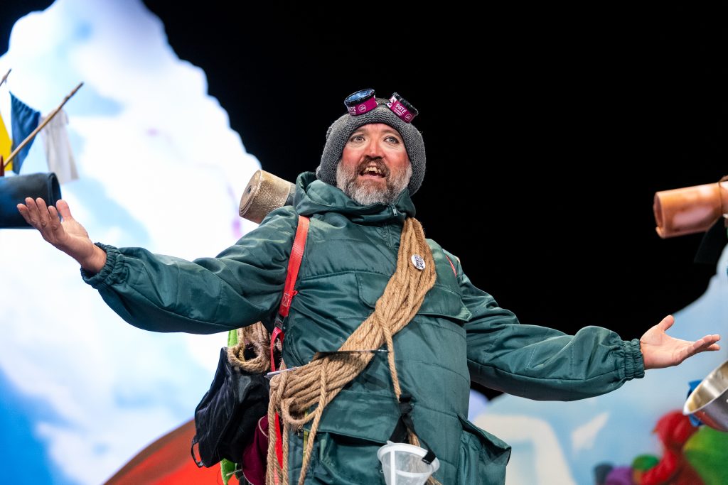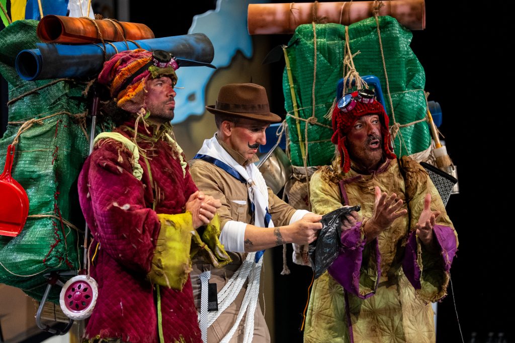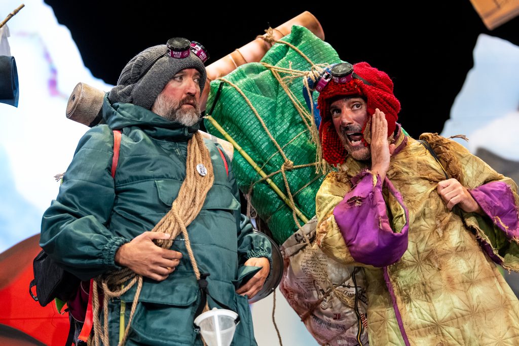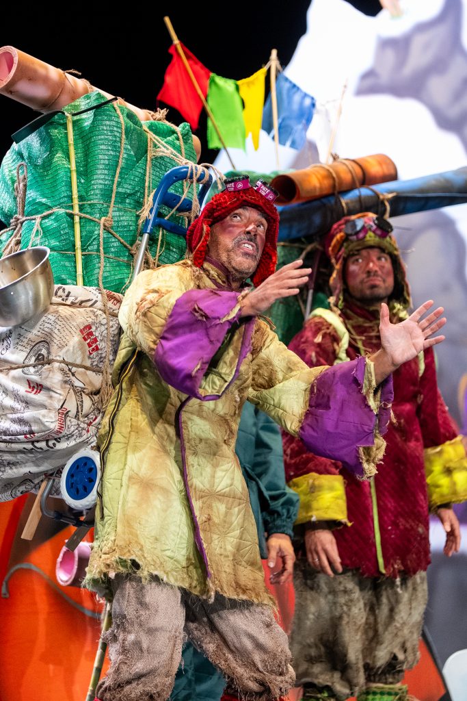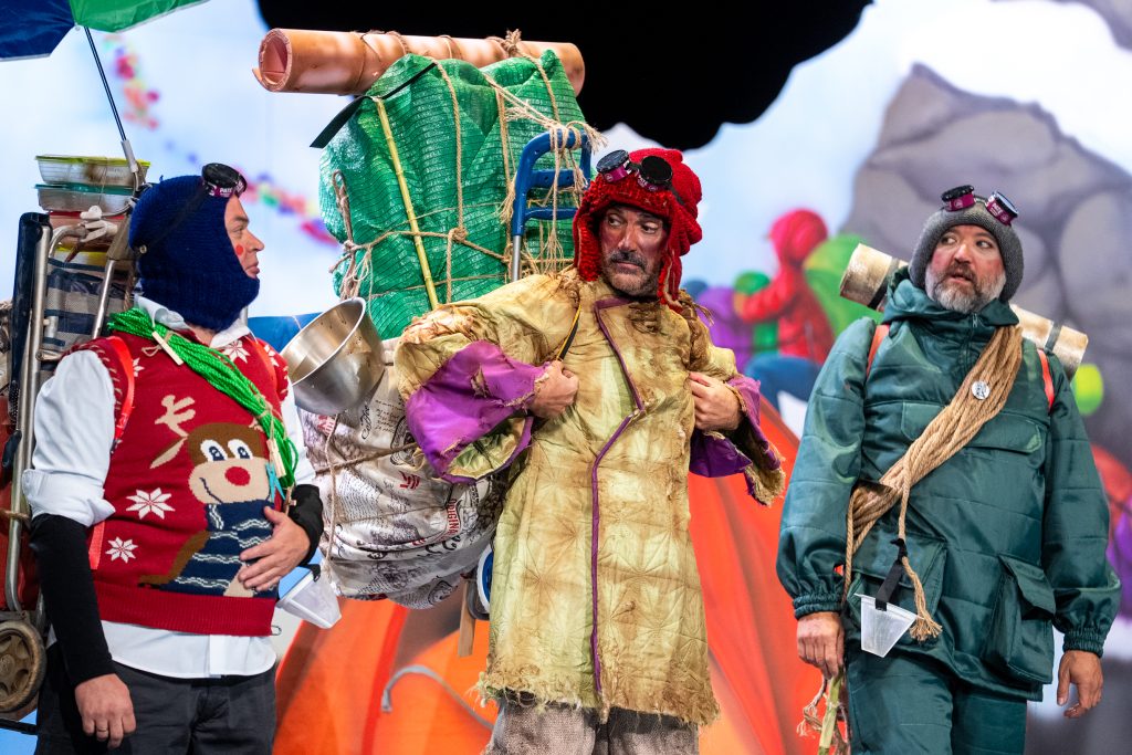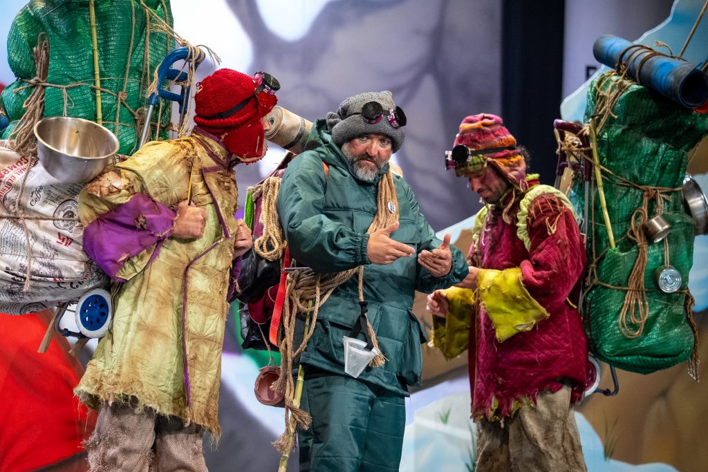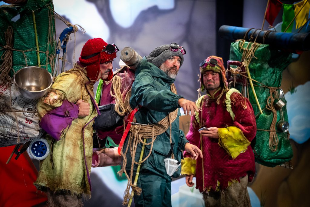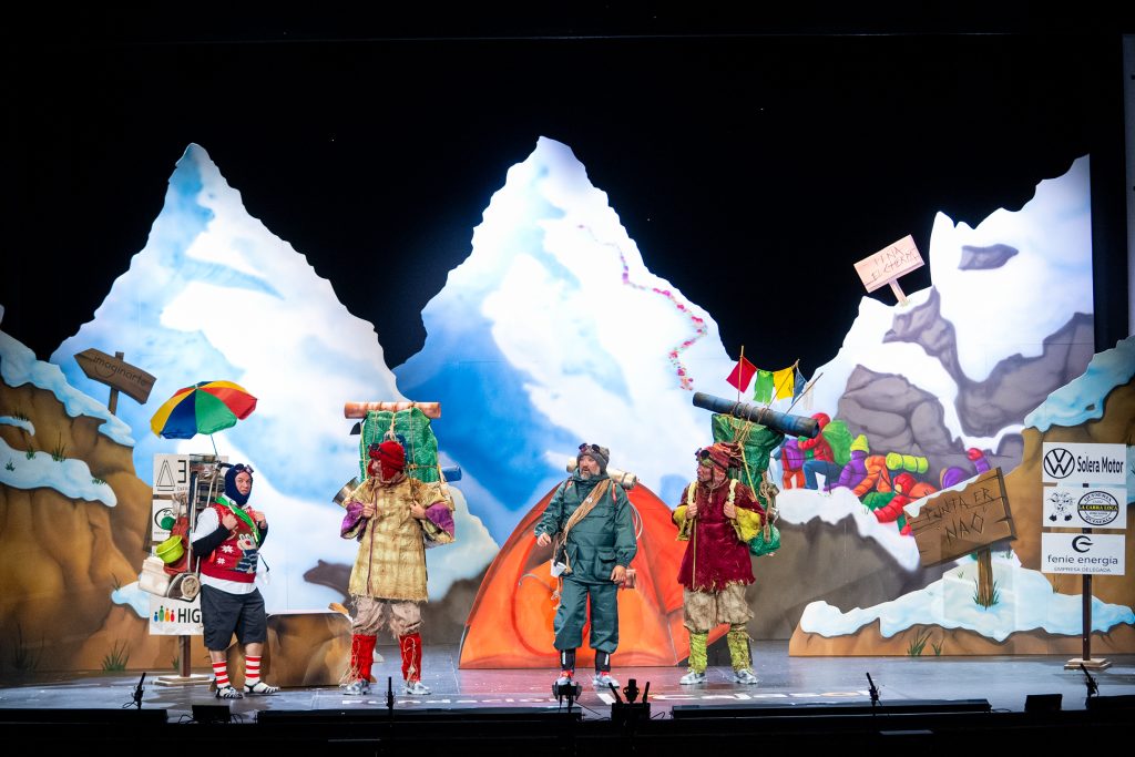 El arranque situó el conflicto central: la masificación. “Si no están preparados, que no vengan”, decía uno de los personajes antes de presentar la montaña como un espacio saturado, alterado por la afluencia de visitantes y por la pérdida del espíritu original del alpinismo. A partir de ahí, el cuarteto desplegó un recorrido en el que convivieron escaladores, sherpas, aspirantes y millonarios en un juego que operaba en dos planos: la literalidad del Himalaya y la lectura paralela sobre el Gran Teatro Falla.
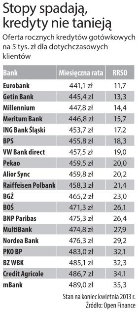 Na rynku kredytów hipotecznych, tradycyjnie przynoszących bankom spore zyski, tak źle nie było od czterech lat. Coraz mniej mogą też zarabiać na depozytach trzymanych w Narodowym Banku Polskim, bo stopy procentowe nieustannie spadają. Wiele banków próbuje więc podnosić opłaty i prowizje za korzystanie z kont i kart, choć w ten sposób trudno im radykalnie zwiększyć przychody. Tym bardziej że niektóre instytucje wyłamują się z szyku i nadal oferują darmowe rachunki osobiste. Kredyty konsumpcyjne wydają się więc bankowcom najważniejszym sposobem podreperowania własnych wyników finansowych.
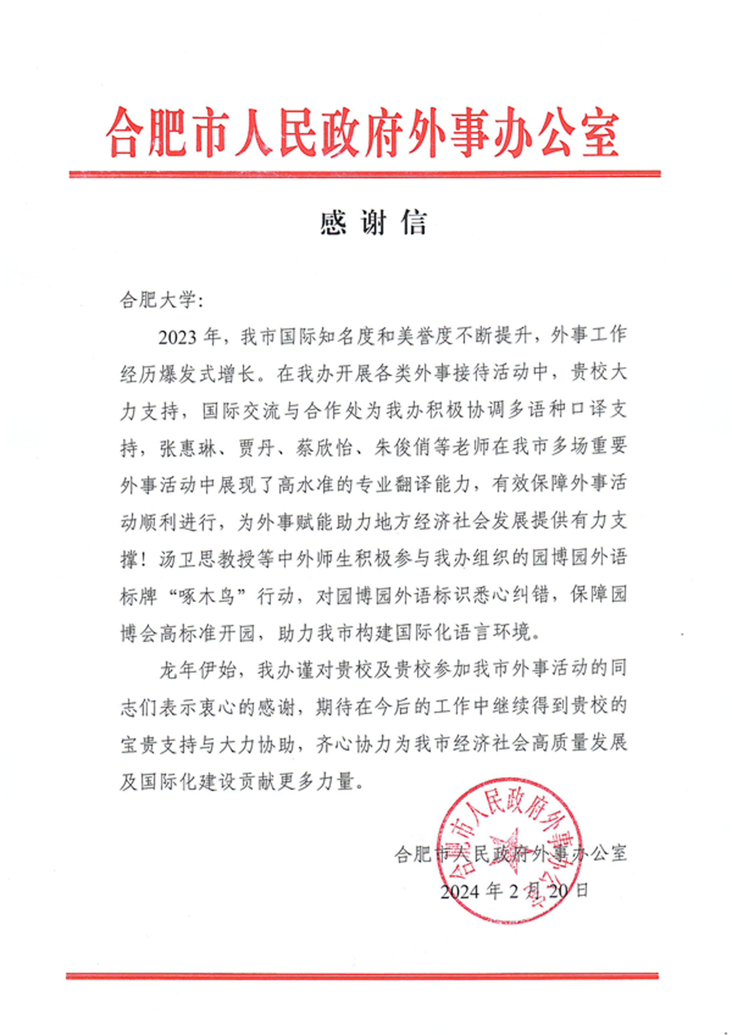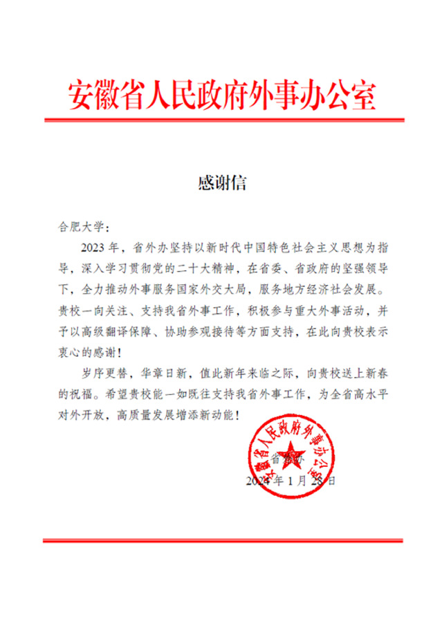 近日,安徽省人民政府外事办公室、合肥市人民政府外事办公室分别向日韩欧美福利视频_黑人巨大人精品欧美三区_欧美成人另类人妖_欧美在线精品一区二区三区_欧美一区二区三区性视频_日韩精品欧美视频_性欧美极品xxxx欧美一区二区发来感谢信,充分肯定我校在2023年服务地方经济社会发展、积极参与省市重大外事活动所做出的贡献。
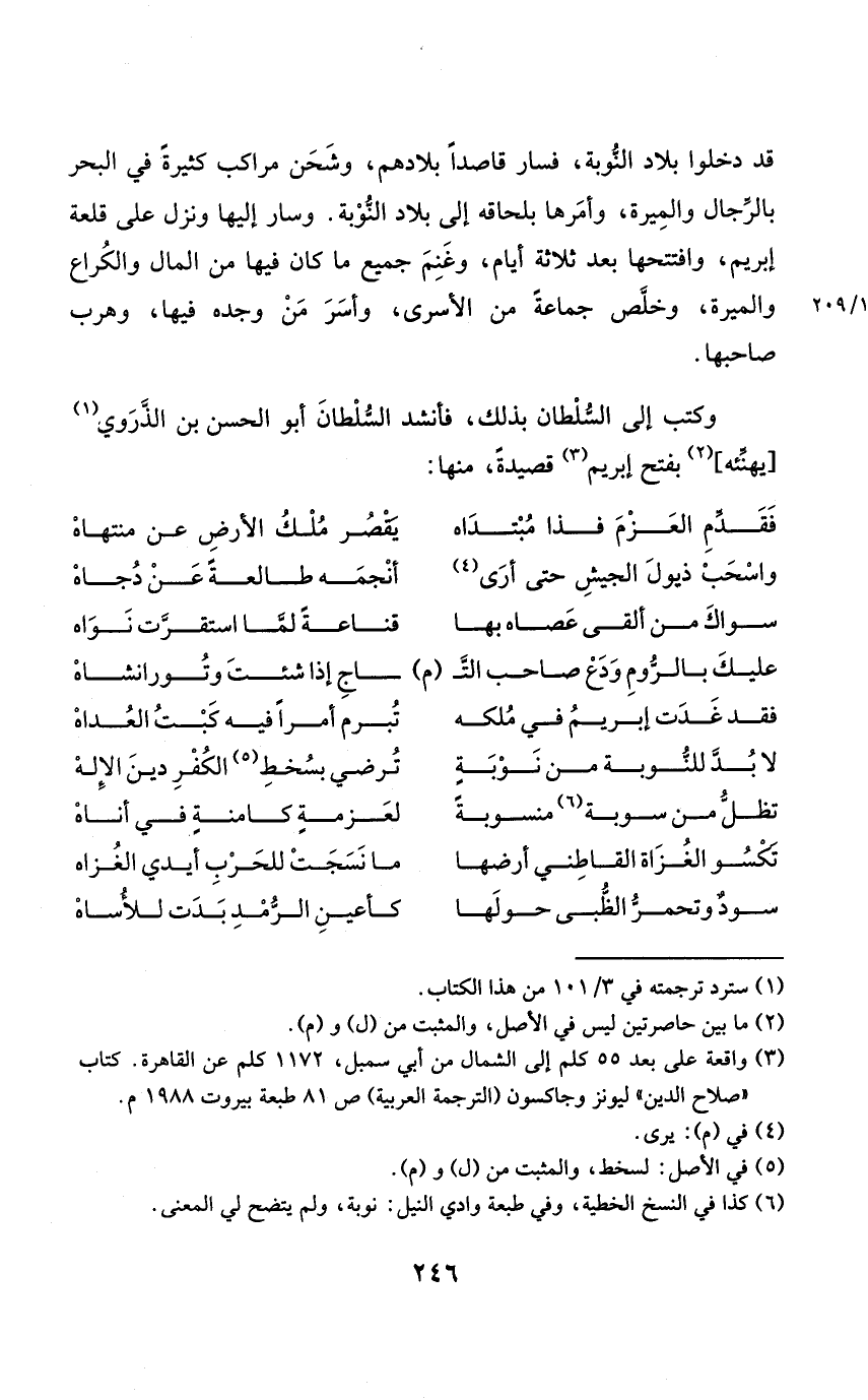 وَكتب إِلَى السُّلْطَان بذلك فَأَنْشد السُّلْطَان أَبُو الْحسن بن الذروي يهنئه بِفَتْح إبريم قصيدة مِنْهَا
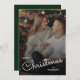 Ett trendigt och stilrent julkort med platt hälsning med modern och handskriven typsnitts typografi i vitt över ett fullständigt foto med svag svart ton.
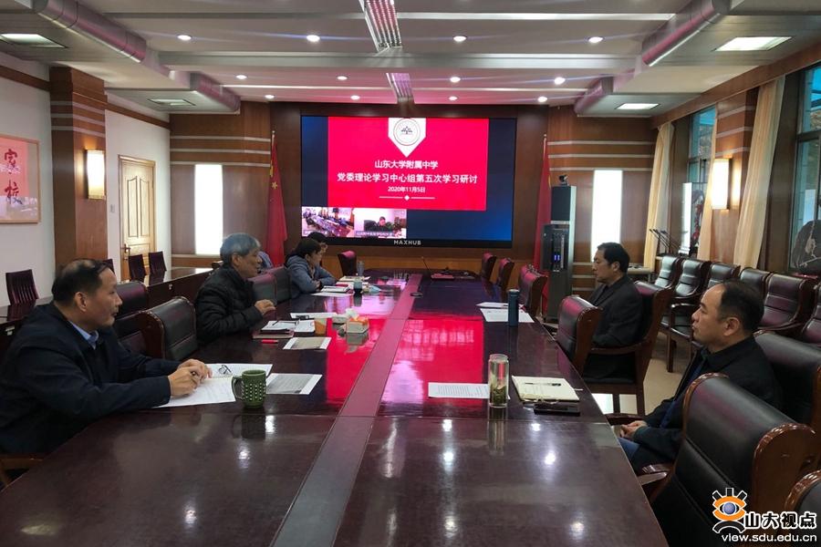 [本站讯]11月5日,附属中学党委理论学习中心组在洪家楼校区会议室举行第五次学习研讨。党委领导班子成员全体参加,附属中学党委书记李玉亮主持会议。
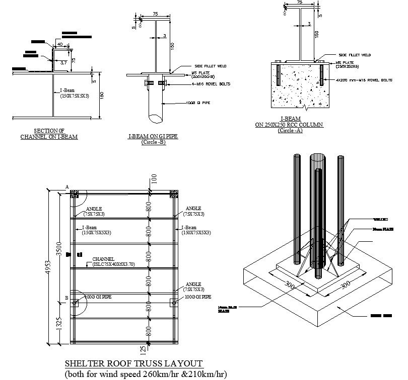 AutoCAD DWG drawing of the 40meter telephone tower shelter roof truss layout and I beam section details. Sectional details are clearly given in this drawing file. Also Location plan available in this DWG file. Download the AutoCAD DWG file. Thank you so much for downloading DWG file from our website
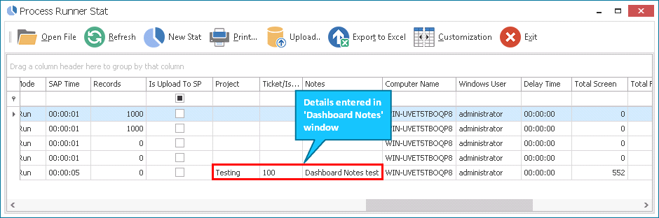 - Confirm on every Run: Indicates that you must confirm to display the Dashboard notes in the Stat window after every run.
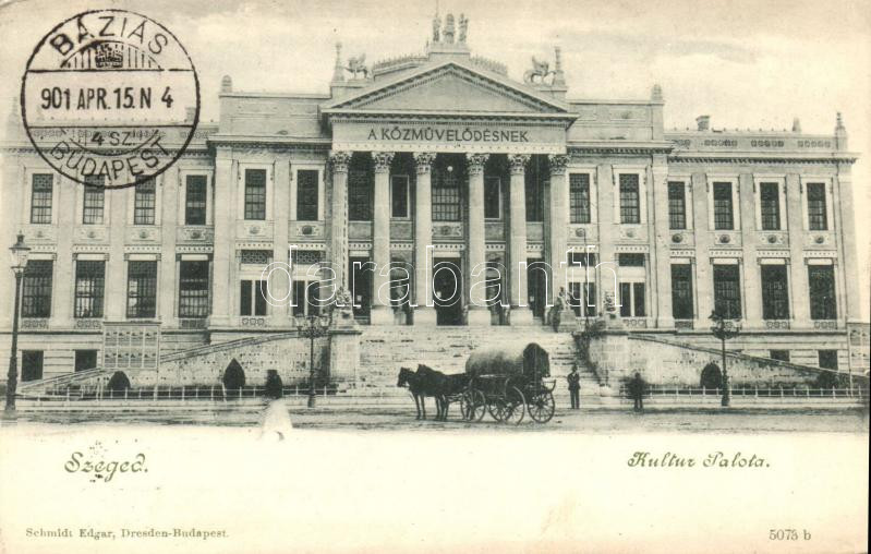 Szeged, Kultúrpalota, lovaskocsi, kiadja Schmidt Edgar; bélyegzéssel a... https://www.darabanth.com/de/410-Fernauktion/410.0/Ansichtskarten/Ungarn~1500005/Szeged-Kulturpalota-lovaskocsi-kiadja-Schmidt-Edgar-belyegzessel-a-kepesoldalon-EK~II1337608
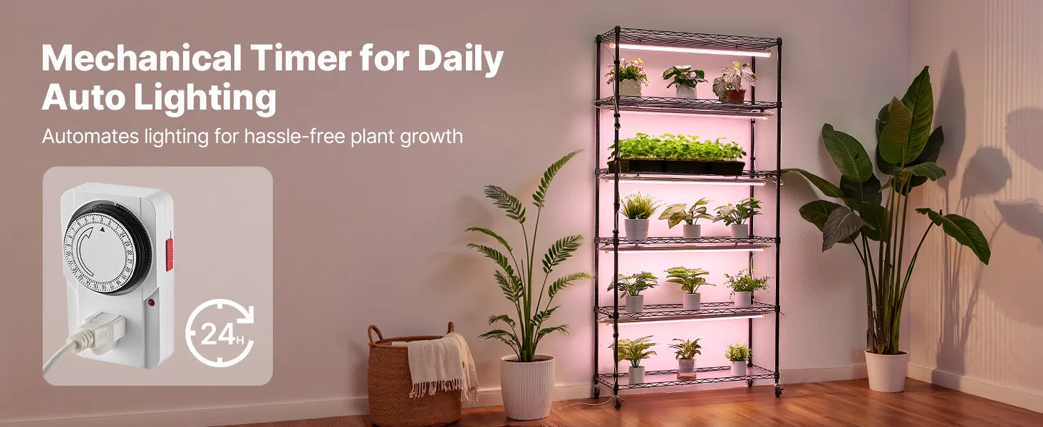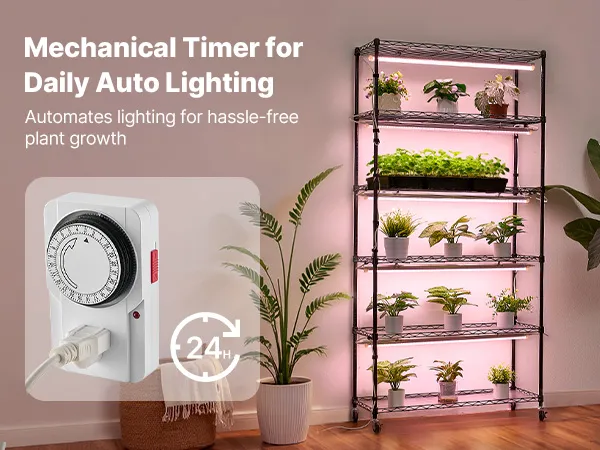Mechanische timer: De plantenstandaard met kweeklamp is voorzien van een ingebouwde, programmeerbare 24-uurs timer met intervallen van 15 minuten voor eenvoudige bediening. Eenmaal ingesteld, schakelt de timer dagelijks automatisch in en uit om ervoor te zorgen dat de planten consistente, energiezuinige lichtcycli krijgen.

WHAT YOU SHOULD DO: The expected output is the full material above, word for word, without pictures.

OUTPUT:
 El arranque situó el conflicto central: la masificación. “Si no están preparados, que no vengan”, decía uno de los personajes antes de presentar la montaña como un espacio saturado, alterado por la afluencia de visitantes y por la pérdida del espíritu original del alpinismo. A partir de ahí, el cuarteto desplegó un recorrido en el que convivieron escaladores, sherpas, aspirantes y millonarios en un juego que operaba en dos planos: la literalidad del Himalaya y la lectura paralela sobre el Gran Teatro Falla.
 Na rynku kredytów hipotecznych, tradycyjnie przynoszących bankom spore zyski, tak źle nie było od czterech lat. Coraz mniej mogą też zarabiać na depozytach trzymanych w Narodowym Banku Polskim, bo stopy procentowe nieustannie spadają. Wiele banków próbuje więc podnosić opłaty i prowizje za korzystanie z kont i kart, choć w ten sposób trudno im radykalnie zwiększyć przychody. Tym bardziej że niektóre instytucje wyłamują się z szyku i nadal oferują darmowe rachunki osobiste. Kredyty konsumpcyjne wydają się więc bankowcom najważniejszym sposobem podreperowania własnych wyników finansowych.
 近日,安徽省人民政府外事办公室、合肥市人民政府外事办公室分别向日韩欧美福利视频_黑人巨大人精品欧美三区_欧美成人另类人妖_欧美在线精品一区二区三区_欧美一区二区三区性视频_日韩精品欧美视频_性欧美极品xxxx欧美一区二区发来感谢信,充分肯定我校在2023年服务地方经济社会发展、积极参与省市重大外事活动所做出的贡献。
 وَكتب إِلَى السُّلْطَان بذلك فَأَنْشد السُّلْطَان أَبُو الْحسن بن الذروي يهنئه بِفَتْح إبريم قصيدة مِنْهَا
 Ett trendigt och stilrent julkort med platt hälsning med modern och handskriven typsnitts typografi i vitt över ett fullständigt foto med svag svart ton.
 [本站讯]11月5日,附属中学党委理论学习中心组在洪家楼校区会议室举行第五次学习研讨。党委领导班子成员全体参加,附属中学党委书记李玉亮主持会议。
 AutoCAD DWG drawing of the 40meter telephone tower shelter roof truss layout and I beam section details. Sectional details are clearly given in this drawing file. Also Location plan available in this DWG file. Download the AutoCAD DWG file. Thank you so much for downloading DWG file from our website
 - Confirm on every Run: Indicates that you must confirm to display the Dashboard notes in the Stat window after every run.
 Szeged, Kultúrpalota, lovaskocsi, kiadja Schmidt Edgar; bélyegzéssel a... https://www.darabanth.com/de/410-Fernauktion/410.0/Ansichtskarten/Ungarn~1500005/Szeged-Kulturpalota-lovaskocsi-kiadja-Schmidt-Edgar-belyegzessel-a-kepesoldalon-EK~II1337608
Mechanische timer: De plantenstandaard met kweeklamp is voorzien van een ingebouwde, programmeerbare 24-uurs timer met intervallen van 15 minuten voor eenvoudige bediening. Eenmaal ingesteld, schakelt de timer dagelijks automatisch in en uit om ervoor te zorgen dat de planten consistente, energiezuinige lichtcycli krijgen.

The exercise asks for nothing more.